It is known that systemic inflammation linked to inflammaging aggravates e.g. the vascular pathology and provokes atherosclerosis [4]. Moreover, increased systemic cytokine levels activate the hypothalamus-pituitary-adrenal (HPA) axis which augments the sercetion of cortisol [13]. Cortisol is a potent anti-inflammatory agent although it not only induces protein catabolism, e.g. in muscle tissues, but it also promotes bone resorption. Chronic inflammation can also enhance the appearance of insulin resistance in muscles and adipose tissues as well as disturb the maintenance of energy homeostasis and subsequently cellular housekeeping functions. Interestingly, the aging process is simultaneously accompanied by both the features accelerating inflammaging and the counteracting, so-called anti-inflammaging characteristics [14]. It seems that the balance between these opposite forces controls the outcome of the aging process, either leading to frailty and degenerative diseases or a healthy old age and longevity.

Inflammasomes: molecular platforms for danger signal recognition

The aging process jeopardizes the maintenance of cellular homeostasis leading to the activation of a variety of host defence systems.
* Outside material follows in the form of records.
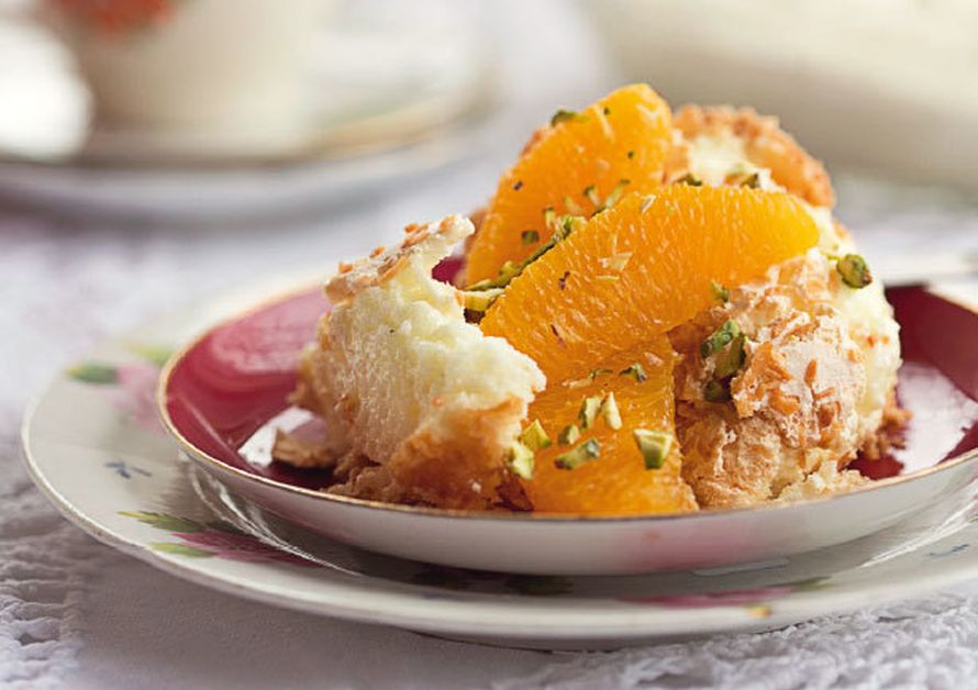 Mehukkaat appelsiinit maistuvat pehmeän marengin kanssa.
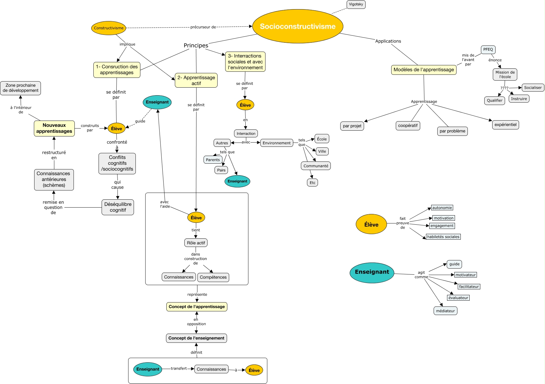 Cette carte de concepts créée avec IHMC CmapTools traite de: Socioconstructivisme, Constructivisme précurseur de Socioconstructivisme, PFEQ énonce Mission de l'école, Modèles de l'apprentissage Apprentissage par projet, Modèles de l'apprentissage Apprentissage expérientiel, Autres tels que Parents, Élève avec l'aide Enseignant, Enseignant agit comme motivateur, Rôle actif dans construction de Connaissances, Mission de l'école ???? Instruire, 3- Interractions sociales et avec l'environnement se définit par Élève, 2- Apprentissage actif se définit par Élève, Mission de l'école ???? Socialiser, Enseignant agit comme évaluateur, Élève confronté à Conflits cognitifs /sociocognitifs, Environnement tels que Ville, Connaissances antérieures (schèmes) restructuré en Nouveaux apprentissages, PFEQ mis de l'avant par Modèles de l'apprentissage, Rôle actif dans construction de Compétences, Constructivisme implique 2- Apprentissage actif, Enseignant transfert Connaissances
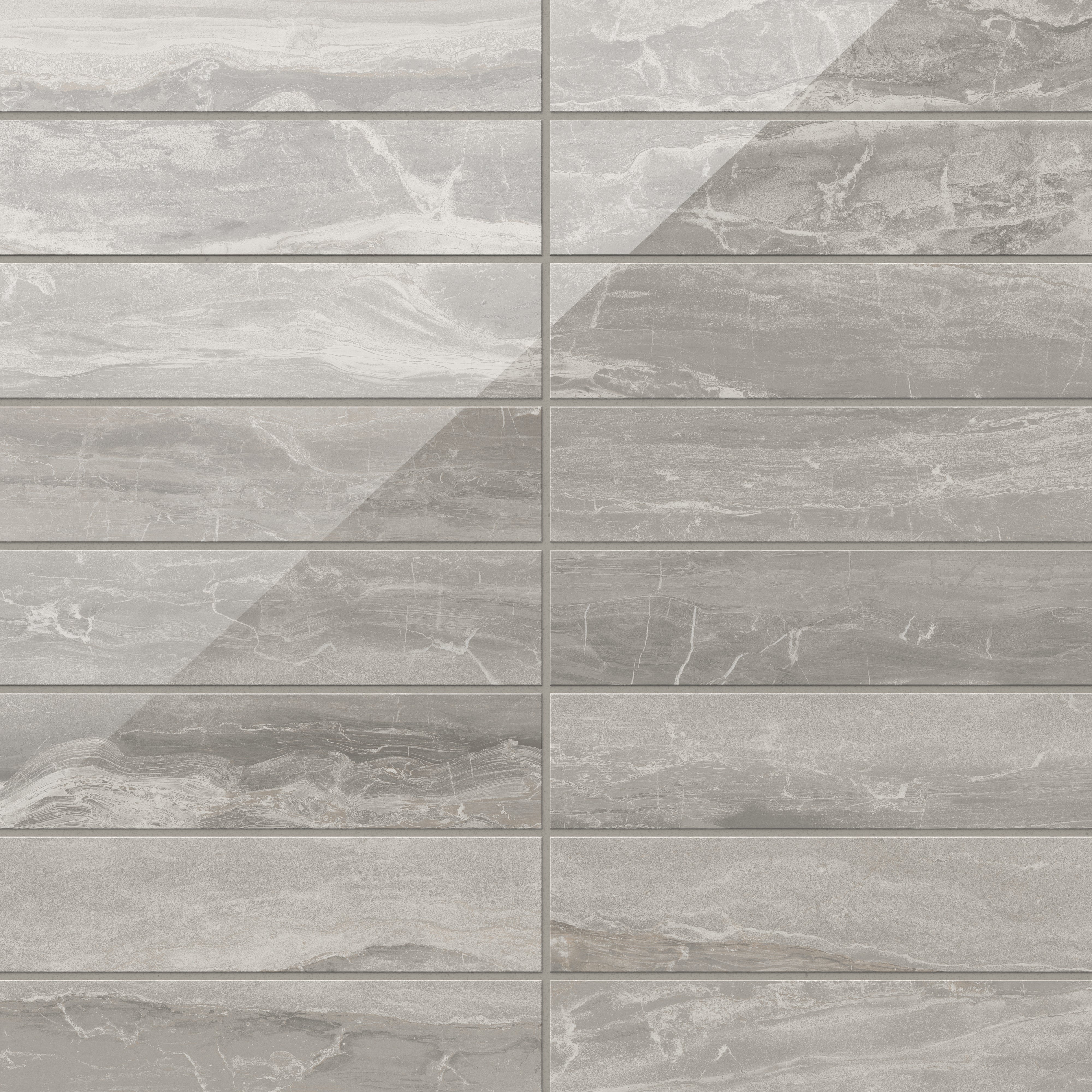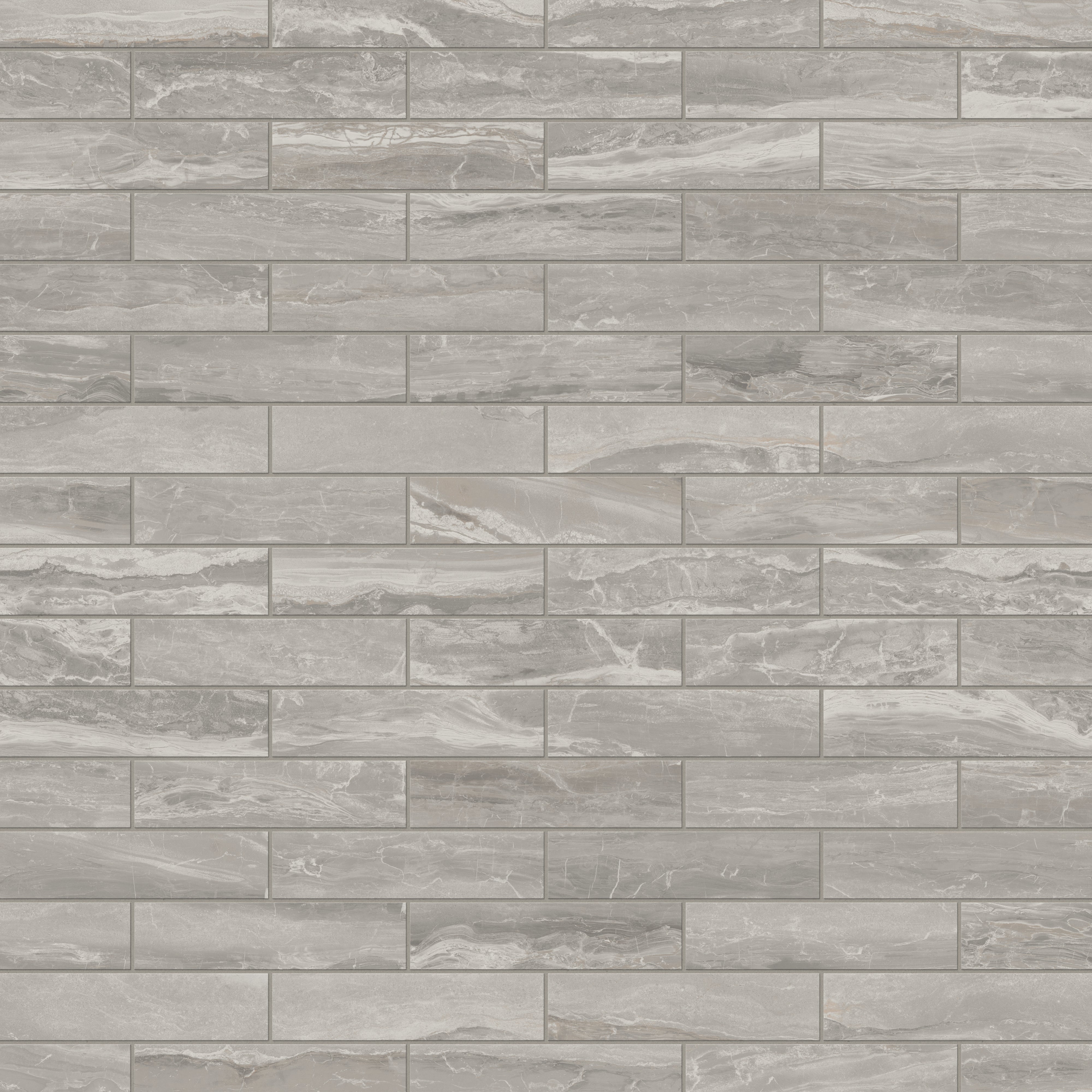 Our Harley 3x12 Polished Porcelain Tile in Taupe translates the beauty of natural fragmentation into a modern subway format, where layered, light gray hues with beige undertones and fluid, interlocking veining dynamically meld — a visual metaphor for the earth’s process of breaking and reassembling form. Its reflective finish accentuates this organic complexity, creating a luminous, refined surface that allows spaces to relive marble’s timeless elegance.

Inflammasomes are intracellular multiprotein sensors which can recognize a large set of danger signals, induced either by pathogens or cellular stress, and once activated, they subsequently stimulate inflammatory responses [15-18]. There are several subfamilies of NOD-like receptors (NLR) but emerging data indicates that the NLRP subfamily, in particular the NLRP3 member, is the major sensor for “intracellular danger-associated molecular patterns” (DAMPs). Inflammasomes are signaling platforms which are assembled after the recognition of DAMP by the receptor protein. In the case of NLRP3, the activated receptor interacts with the adaptor protein ASC which recruits the inflammatory caspase-1 (CASP-1) to the complex which subsequently oligomerizes into penta- or heptameric inflammasomes [16,19]. CASP-1 is the common effector molecule in inflammasomes which cleaves the inactive precursors of two proinflammatory cytokines, i.e. IL-1β and IL-18, into their mature forms which are then secreted from cells. In addition to CASP-1, some other inflammatory caspases, e.g. CASP-4, CASP-5 and CASP-12, can also process the proforms of these cytokine [16,20]. In general, the expression levels of NLRP3 receptor as well as the precursors of IL-1β and IL-18 remain low and activation of NLRP3 inflammasomes requires a priming phase while the expression of these proteins is clearly induced [17,21,22]. Interestingly, NF-κB signaling is a crucial inducer of NLRP3 expression [21]. It should be noted that different cellular stresses and the aging process can stimulate NF-κB signaling [11,23] and probably enhance the priming and potentiation of the inflammasome activation.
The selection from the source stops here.